The connection and data transmission between client devices and servers for mobile apps, online games, live video streaming, remote conferences, and IoT devices are all inseparable from APIs. APIs play an important role in their communications.
Why Use an API Gateway?
API Gateway is an essential component in the full lifecycle API management. It is responsible for API configuration, release, version rollback, security, and load balancing in the production environment. In addition, API gateway is the entrance of all client traffic, responsible for routing the client’s API request to the correct upstream service for processing and then returning the returned data to the original requester while ensuring safety, reliability, and low latency of the entire process.
When there are not a lot of APIs at the beginning, the API gateway is usually a virtual component joined by the web server and upstream services. Simple functionalities such as routing, forwarding, reverse proxy, and load balancing are done by Apache, NGINX, and some other components; other functionalities such as authentication and rate limiting rely on upstream services.
Why do you need an API Gateway?
However, as the number of APIs increases, the “lazy” developers found a severe problem. In different parts of the upstream services, the same authentication, rate limiting, logging, and some other functions are coded repeatedly.
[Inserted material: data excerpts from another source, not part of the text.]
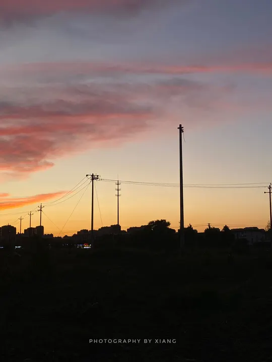 追一场城市边缘的日落 粉紫与暖橙撞进云里 电线杆的剪影牵着风 把寻常日子晕成温柔的诗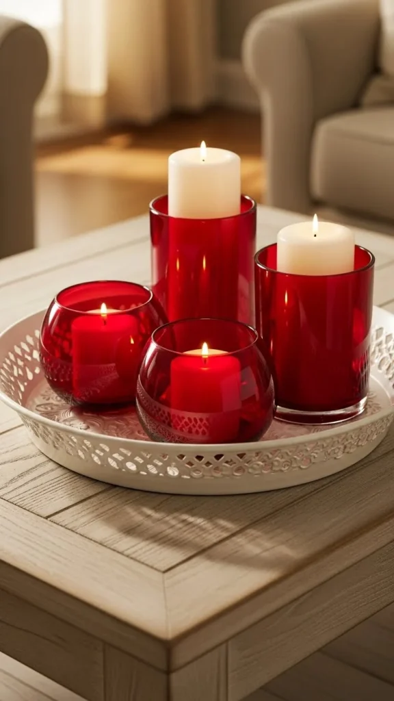 Candles create warmth without heavy decor. Red holders add color while white candles keep the look grounded. Group in odd numbers for visual balance. Thrift stores often have glass holders at low prices. Place the tray on coffee tables or sideboards. This arrangement suits evening dinners or quiet nights in.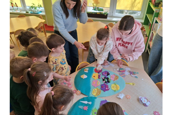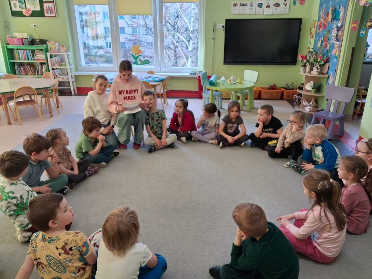 Przed Wielkanocą odwiedziła grupę 'Zajączków' mama Mikołaja i siostry naszego przedszkolaka. Dziewczyny są naszymi absolwentkami i z przyjemnością przyszły odwiedzić przedszkole oraz przeczytać świąteczne opowiadanie. Nie zabrakło rownież prac plastycznych, które można podziwiać na korytarzu w szatni. Serdecznie dziękujemy za poświęcony czas i odwiedziny!
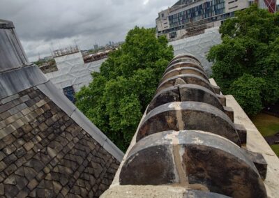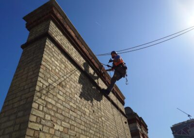 As works progressed, the scope expanded to include façade snagging, mastic application, repointing and condition surveys of architectural elements.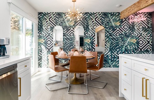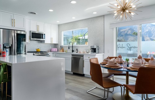 This newly updated 4 bedroom, 2 bathroom California dreaming getaway is styled with our most chic guest in mind. Indoors, you'll find a great open-concept featuring a contemporary kitchen with quartz countertops, a full suite of all new stainless-steel appliances, island top bar, and chic mid-century modern dining area. Prepare your favorite dishes in Caraway cooking ware and set the most gorgeous tablescape indoor or outdoor with designated well-curated dishware.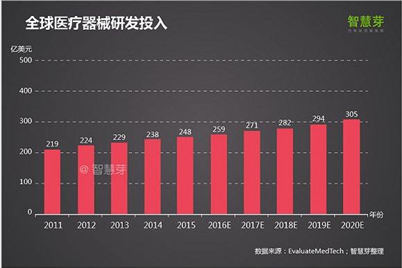 與此同時,全球醫療器械市場的研發投入也保持著穩定增長態勢,2015年達到248億美元。

It is not only a waste of resources; it is also a code management nightmare. When one part of the code is being modified or upgraded, code in other places will also need to be updated. How do we solve this problem? The intelligent developers found a solution quickly: abstract (take out) the common functions and put them into a single component. We pull out the code that is unrelated to the business logic from the upstream services, and enhance components Apache and NGINX. This is the evolution of the first-generation API gateway.
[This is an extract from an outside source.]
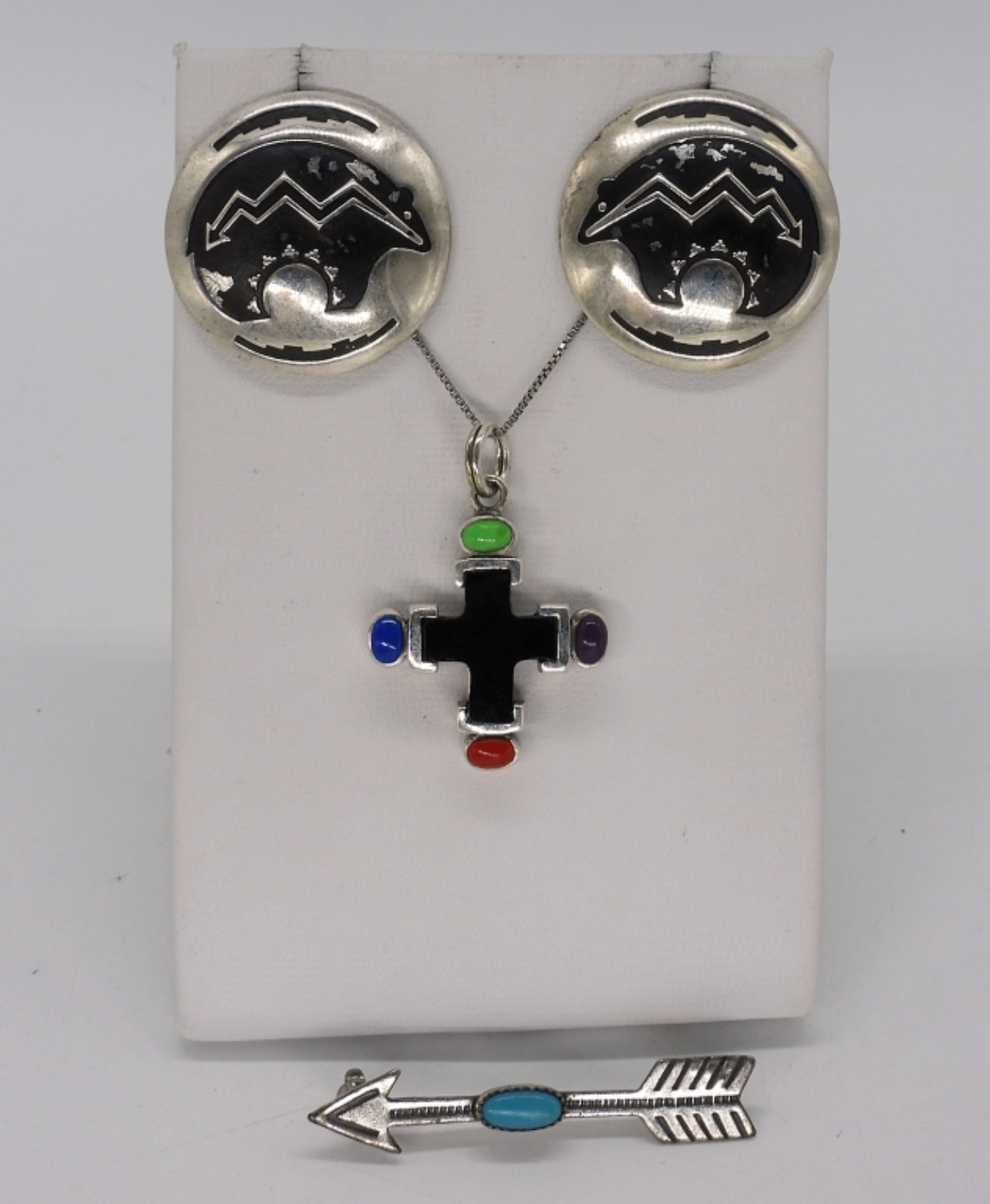 Southwest style sterling necklace, 18″. Arrow pin with turquoise gemstone, 1.5″. Pierced sterling earrings, 1″. (9.8 dwt)

The direction of API gateway’s evolution is to embed as many non-business-related functionalities as possible. In order to speed up product iteration, front-end developers and back-end developers demand more and more from API gateways, not only limited to traditional functionalities such as routing, forwarding, reverse proxy, and load balancing, but also demand functionalities for observabilities such as gRPC and GraphQL.
The role of API gateways
To make the API gateway more flexible and efficient, API gateway developers made a lot of innovations on the underlying structure, such as:
- Functionalities Plugins. As more and more functionalities are embedded on the API gateway, how do we separate each functionality to make development easy? A Lego-like plug-in mechanism would be the perfect solution. The mainstream API gateways all use plugins. In Apache APISIX, it is called “plugins”. In Envoy, it is called “filters”. Plugins free gateway developers from the implementation details, and fewer developmental resources are needed to implement new functionalities.
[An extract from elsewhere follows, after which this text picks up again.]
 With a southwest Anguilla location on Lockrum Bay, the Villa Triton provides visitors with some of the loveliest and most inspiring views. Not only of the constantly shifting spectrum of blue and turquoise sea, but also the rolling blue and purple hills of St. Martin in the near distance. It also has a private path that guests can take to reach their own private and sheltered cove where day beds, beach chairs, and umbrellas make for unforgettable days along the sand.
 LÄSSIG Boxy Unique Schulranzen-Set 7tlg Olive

- Separation of Data Plane and Control Plane. In the first-generation of API gateway, Data Plane and Control Plane are implemented in the same computer process. It is easier for users to deploy and use but it creates significant security risks. Data Plane provides services directly to the outside world. If hackers hack into the Data Plane from the outside, it could obtain control permissions and Control Plane’s data (such as SSL certificates), potentially causing more devastating damage. Therefore, most of the open-source API gateways now deploy DP and CP separately and use relational databases or etcd for management and synchronization of configurations.
Taking Apache APISIX as an example, the following architecture diagram illustrates the above innovations:
Challenges From Cloud-Native
The most significant technological change in IT over the past decade has been cloud-native. Docker, born in 2013, opened the curtain of cloud-native. Since then, bare metal and virtual machines have been replaced by containers, and monolithic architectures have been replaced by microservices. However, cloud-native is not a simple technological revolution. The driving force behind it comes from the rapid development and fierce competition of Internet products. Cloud-native related technologies were born at the right time and quickly became popular and replaced many previous technical architectures and solutions.
Specifically, the challenges of API gateway in cloud-native mainly come from two of the following aspects:
Monolithic to Microservices
After microservice architecture gains its popularity among developers, it has released huge technical dividends. Microservices can be upgraded and released at their own pace without worrying about coupling with other services. Product iterations are thus agile, with dozens or even hundreds of releases per day.
However, the development of microservices also brings some side effects, such as:
- The number of APIs and microservices has grown from dozens to thousands or even tens of thousands.
- How do we quickly locate which API caused the error?
- How do we ensure the security of the API?
- How do we achieve service circuit break and service downgrade?
API gateway cannot solve problems of security, observability, and canary release by itself. It needs to cooperate with many other open-source projects and SaaS services such as Prometheus, Zipkin, Skywalking, Datadog, Okta, etc., to provide better solutions for enterprises.
Dynamic and Cluster Management
The first challenge comes from the ecosystem, while the second comes from technology.
The popularity of containers and Kubernetes has made dynamics a standard feature of all fundamental cloud-native components. In the Kubernetes environment, containers are constantly being created and destroyed, and elastic scaling has become a necessity rather than an option.
Imagine a scenario: an e-commerce company runs a promotion, and millions of users pour in within an hour and leave after the promotion is over. In this scenario, companies with traditional architecture must purchase a batch of physical servers to deal with the API traffic at peak times. In contrast, companies with cloud-native architecture can use the elastic resources on the public cloud at any time. They may adjust the scale of the network, computing power, databases, and other resources automatically based on the number of API requests.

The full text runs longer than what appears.